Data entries
——

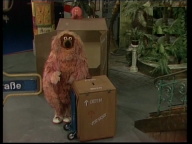 Zwei Kisten werden im Studio abgestellt. Samson und Tiffy spielen damit Verstecken. |
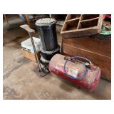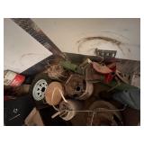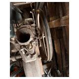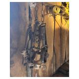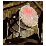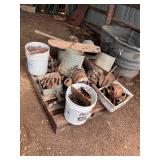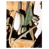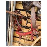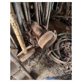 homemade blacksmith forge, Louden iron claw loose hay fork, post vise, misc. pulleys, corn sheller,
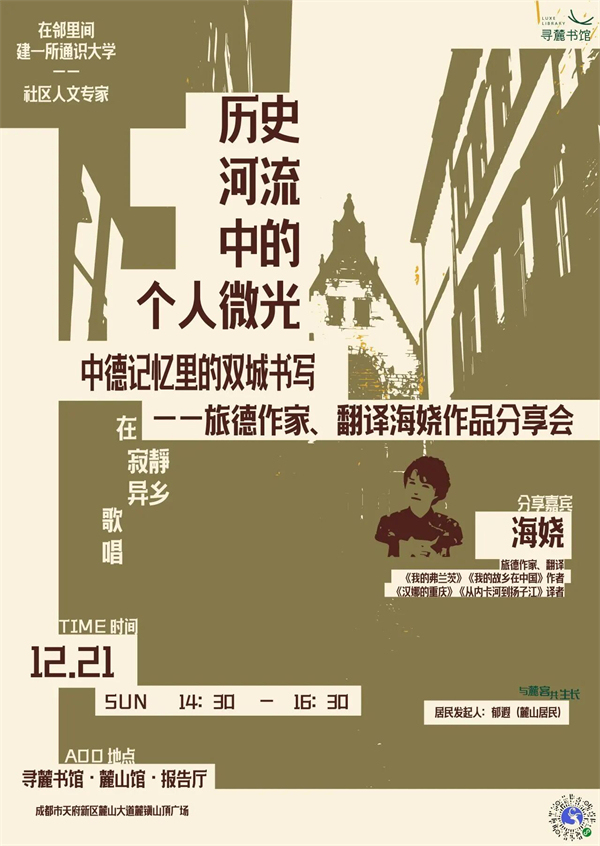 成都|歷史河流中的個(gè)人微光:中德記憶里的雙城書寫——旅德作家、翻譯海嬈作品分享會(huì)
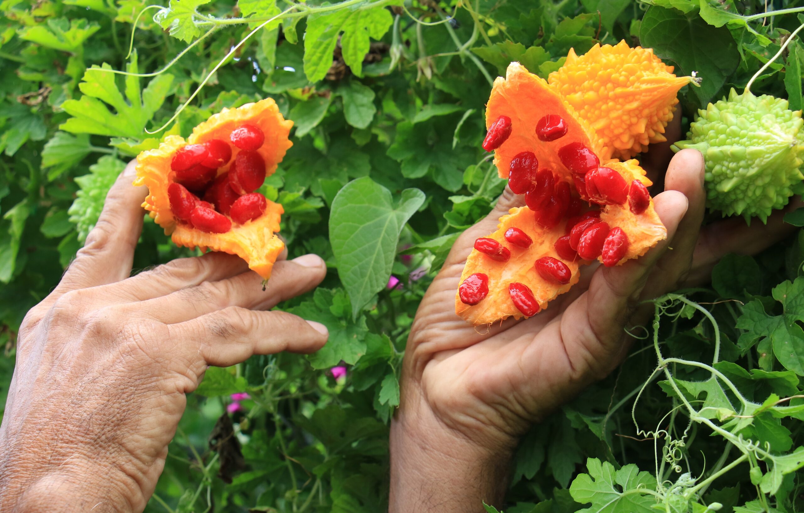 - Türkiye’de “kudret narı” (momordica charantia) olarak bilinen tropikal meyvenin bahçesinde kendiliğinden çıkıp ürün vermesiyle yetiştiriciliğine başlayan Mersinli çiftçi, haftada 100 kilogram hasat yaparak, tanesini 10 TL’den satıp ciddi bir kazanç sağlıyor. Erdemli ilçesi Yüksek Mahallesi’nde ikamet eden 3 çocuk babası Nazif Seyran, yıllarca örtü altına 2 dönümlük arazisinde sebze yetiştirerek geçimini sağladı.
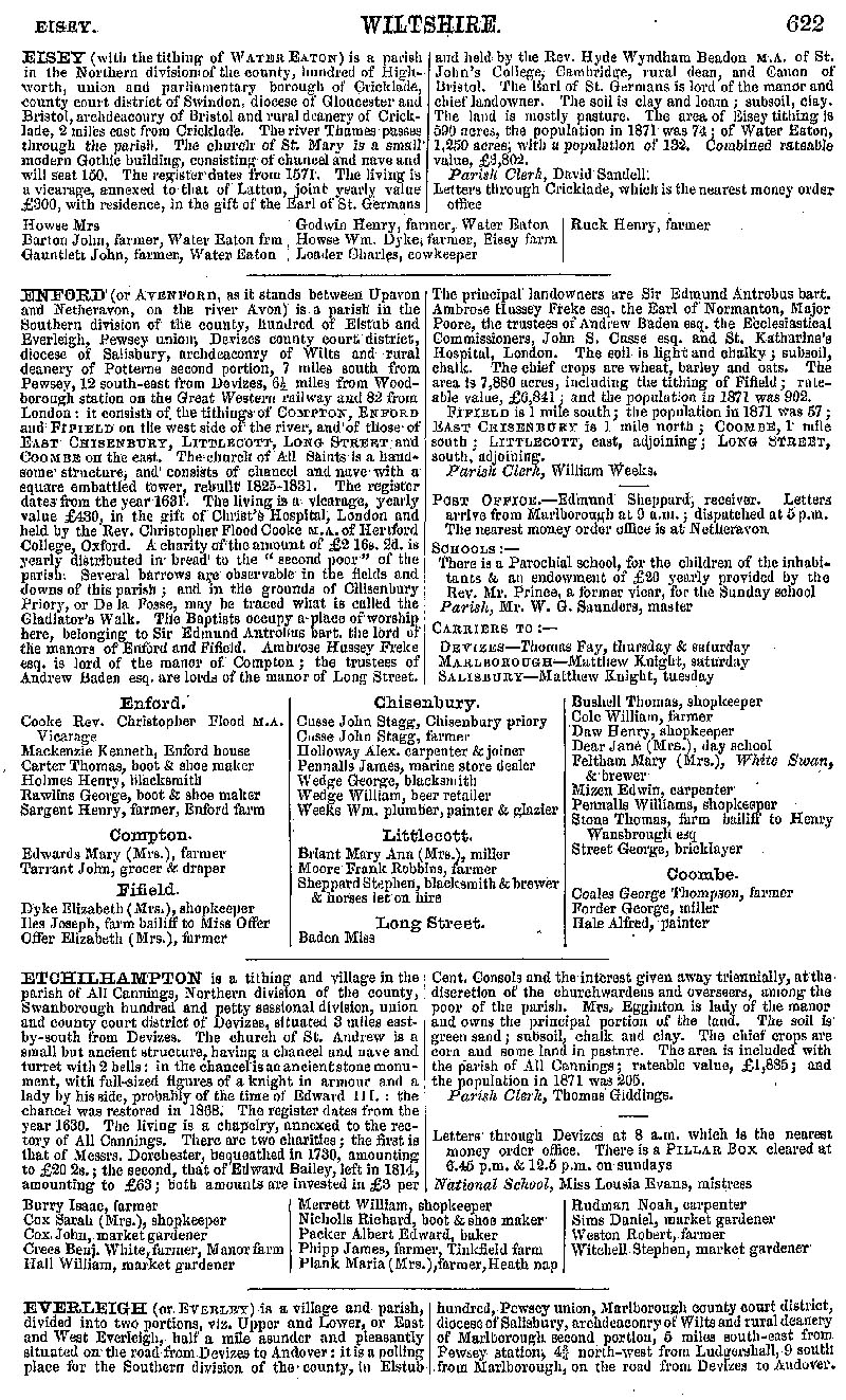 Page 67 Description and residents of Eisey, Enford, Etchilhampton and Everleigh.
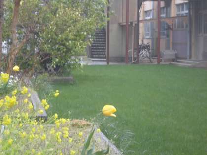 今日は雨が降っています。中庭のチューリップも雨に打たれています。
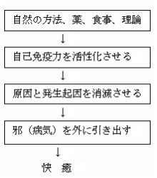 中華自然療法医学では、病気を親族のように見なし、師に対するように接します。そして病気のきっかけ、原因、病を得た下地を取り除き、病気となった条件ひとつひとつをなくしてゆきます。そうすれば病気は、薪を取られた竈のように、自然と火が消えてお湯がさめてゆくように、治療しなくても治るのです。
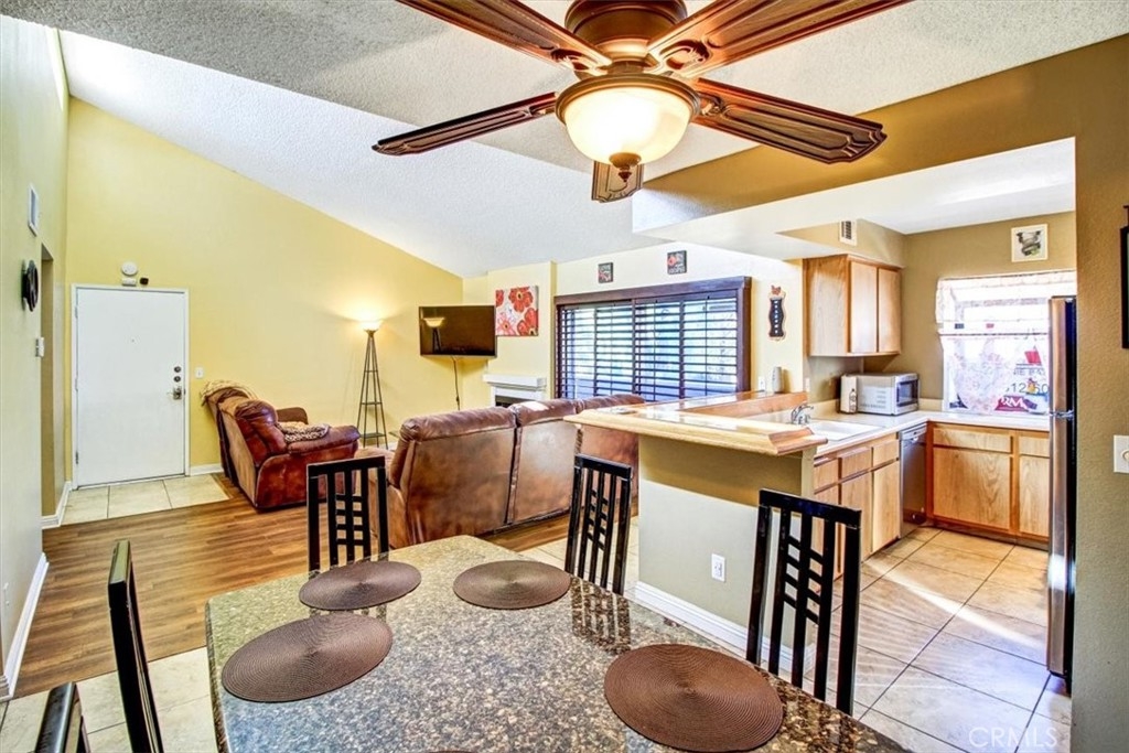 Beautiful 2 bedroom 2 bath condominium on the second level. Master bedroom and bath plus a second bedroom along with 2nd full hall bath. The bright kitchen has stainless steel appliances, bar high counter and is open to the living space. Dining room with a celing fan and additional bar with cabinets. Sliding glass door to the balcony has beautiful sliding wood shutters and offers an unobstructive view of the neighborhood and one of the three pools. The balcony also has a storage cabinet. Cozy up by your fireplace in the family room. Washer and dryer are included in addition to the mahogany bedroom set with dresser and two night stands in the secondary bedroom. Both bedrooms have white blinds. Condo includes central heating and AC. New wood laminate flooring throughout except for tile in the kitchen, dining room and bathrooms. You'll love the detached two car garage which also has shelves and an auto garage opener. The HOA has three pools for your enjoyment. Two of them have a spa. Professional photos, drone shots and matterport tour coming in the next few days.

——

## WORK TO COMPLETE
Output the records exactly. Drop the images.

## RESULT
 Zwei Kisten werden im Studio abgestellt. Samson und Tiffy spielen damit Verstecken. |
 homemade blacksmith forge, Louden iron claw loose hay fork, post vise, misc. pulleys, corn sheller,
 成都|歷史河流中的個(gè)人微光:中德記憶里的雙城書寫——旅德作家、翻譯海嬈作品分享會(huì)
 - Türkiye’de “kudret narı” (momordica charantia) olarak bilinen tropikal meyvenin bahçesinde kendiliğinden çıkıp ürün vermesiyle yetiştiriciliğine başlayan Mersinli çiftçi, haftada 100 kilogram hasat yaparak, tanesini 10 TL’den satıp ciddi bir kazanç sağlıyor. Erdemli ilçesi Yüksek Mahallesi’nde ikamet eden 3 çocuk babası Nazif Seyran, yıllarca örtü altına 2 dönümlük arazisinde sebze yetiştirerek geçimini sağladı.
 Page 67 Description and residents of Eisey, Enford, Etchilhampton and Everleigh.
 今日は雨が降っています。中庭のチューリップも雨に打たれています。
 中華自然療法医学では、病気を親族のように見なし、師に対するように接します。そして病気のきっかけ、原因、病を得た下地を取り除き、病気となった条件ひとつひとつをなくしてゆきます。そうすれば病気は、薪を取られた竈のように、自然と火が消えてお湯がさめてゆくように、治療しなくても治るのです。
 Beautiful 2 bedroom 2 bath condominium on the second level. Master bedroom and bath plus a second bedroom along with 2nd full hall bath. The bright kitchen has stainless steel appliances, bar high counter and is open to the living space. Dining room with a celing fan and additional bar with cabinets. Sliding glass door to the balcony has beautiful sliding wood shutters and offers an unobstructive view of the neighborhood and one of the three pools. The balcony also has a storage cabinet. Cozy up by your fireplace in the family room. Washer and dryer are included in addition to the mahogany bedroom set with dresser and two night stands in the secondary bedroom. Both bedrooms have white blinds. Condo includes central heating and AC. New wood laminate flooring throughout except for tile in the kitchen, dining room and bathrooms. You'll love the detached two car garage which also has shelves and an auto garage opener. The HOA has three pools for your enjoyment. Two of them have a spa. Professional photos, drone shots and matterport tour coming in the next few days.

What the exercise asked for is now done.